### Stored items
════════

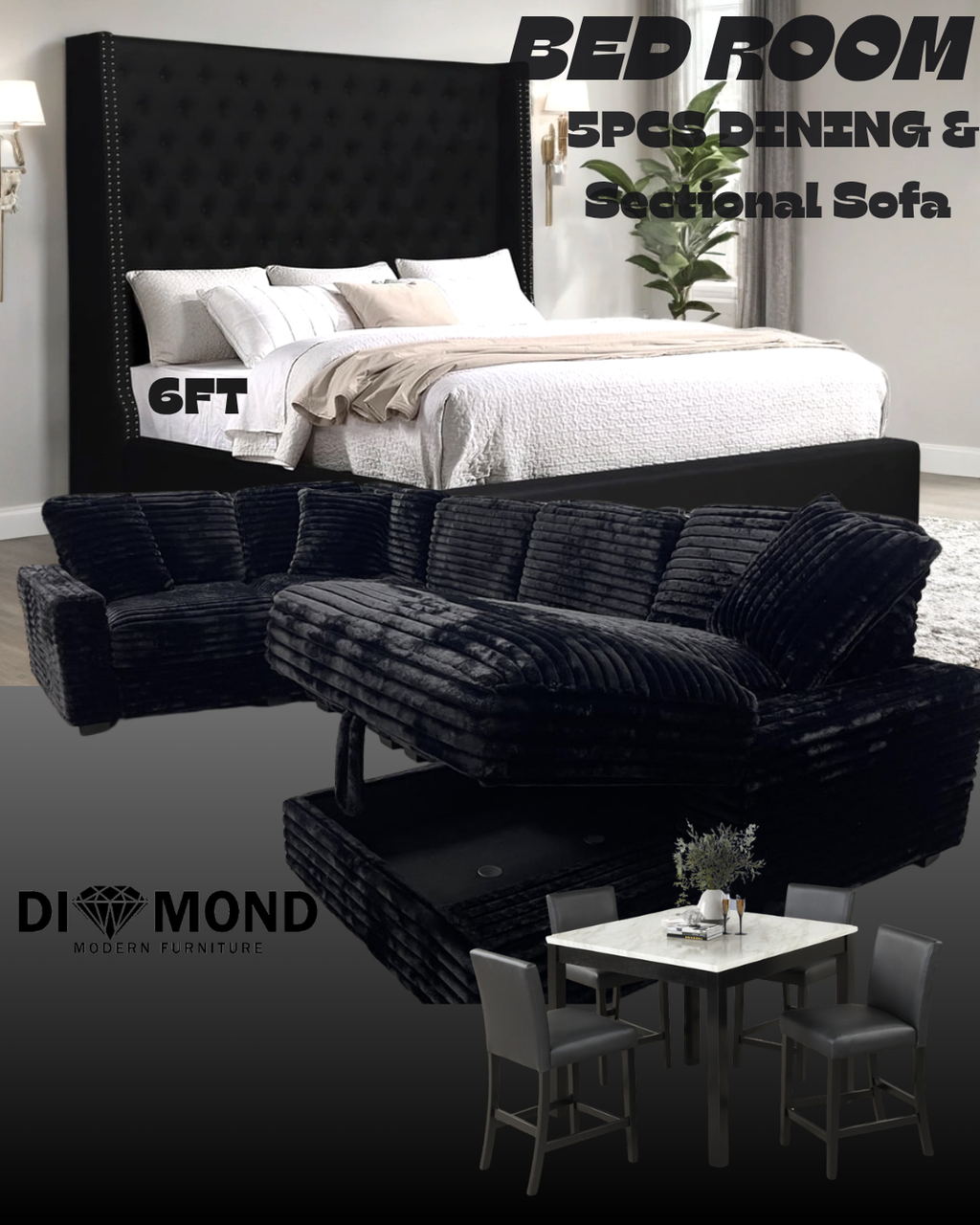 Transform your home with our stunning Alison Black 3 Room Package Deal, perfect for a stylish and cohesive look!
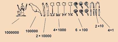 Система счета древних египтян насчитывает семь знаков, передающих разряды чисел. Запись цифр внутри каждого из разрядов производилась простым увеличением количества знаков по принципу простейшего сложения.
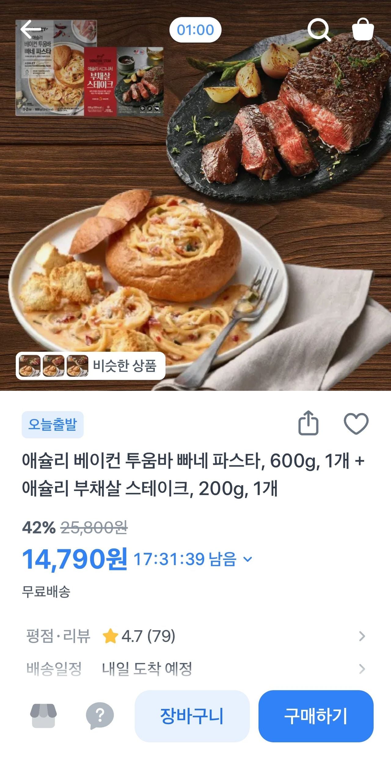 토스쇼핑애슐리 베이컨 투움바 빠네 파스타, 600g + 애슐리 부채살 스테이크, 200g14,790원핫딜모음핫딜모음에서 제공한 가격
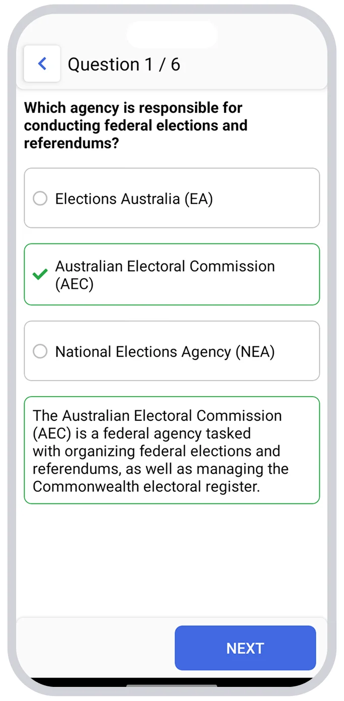 Based on "Australian Citizenship: Our Common Bond", Application helps you prepare for the citizenship test. Also allows you to select an exam simulation an unlimited number of times. You can also study for each section, highlighting important information. Each question in the test has an explanation which allows you to learn from your mistakes.
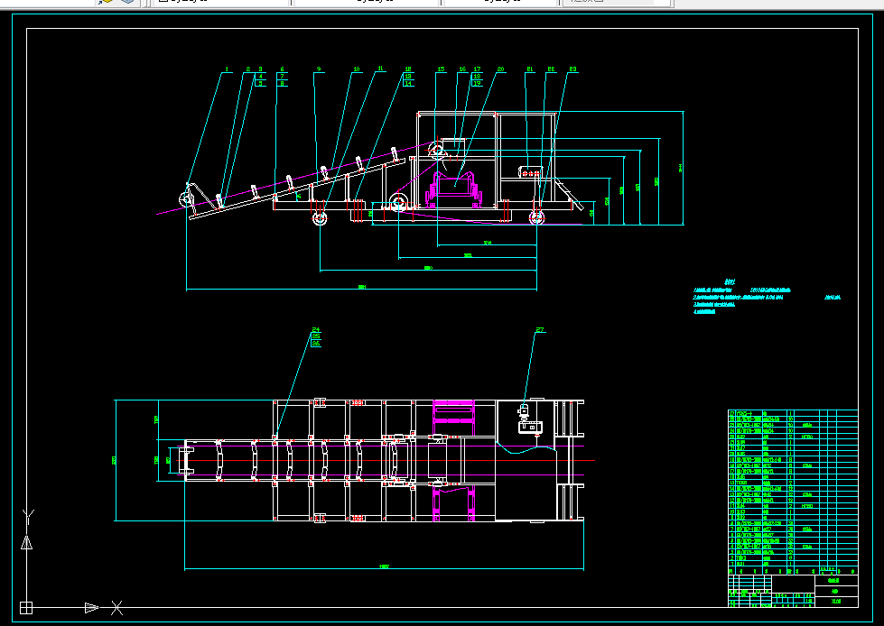 卸料车装有两个改向滚筒,利用车轮可以在输送机机架两边铺设的导轨上行走。输送带的承载段绕过滚筒时,将物料卸到安在小车上的漏斗中。小车的行走是由电动机通过减速器和链轮带动车轮来实现的。

════════

### WHAT IS REQUIRED
All of the data must be set down exactly, with no pictures included.

### OUTPUT BELOW
 Transform your home with our stunning Alison Black 3 Room Package Deal, perfect for a stylish and cohesive look!
 Система счета древних египтян насчитывает семь знаков, передающих разряды чисел. Запись цифр внутри каждого из разрядов производилась простым увеличением количества знаков по принципу простейшего сложения.
 토스쇼핑애슐리 베이컨 투움바 빠네 파스타, 600g + 애슐리 부채살 스테이크, 200g14,790원핫딜모음핫딜모음에서 제공한 가격
 Based on "Australian Citizenship: Our Common Bond", Application helps you prepare for the citizenship test. Also allows you to select an exam simulation an unlimited number of times. You can also study for each section, highlighting important information. Each question in the test has an explanation which allows you to learn from your mistakes.
 卸料车装有两个改向滚筒,利用车轮可以在输送机机架两边铺设的导轨上行走。输送带的承载段绕过滚筒时,将物料卸到安在小车上的漏斗中。小车的行走是由电动机通过减速器和链轮带动车轮来实现的。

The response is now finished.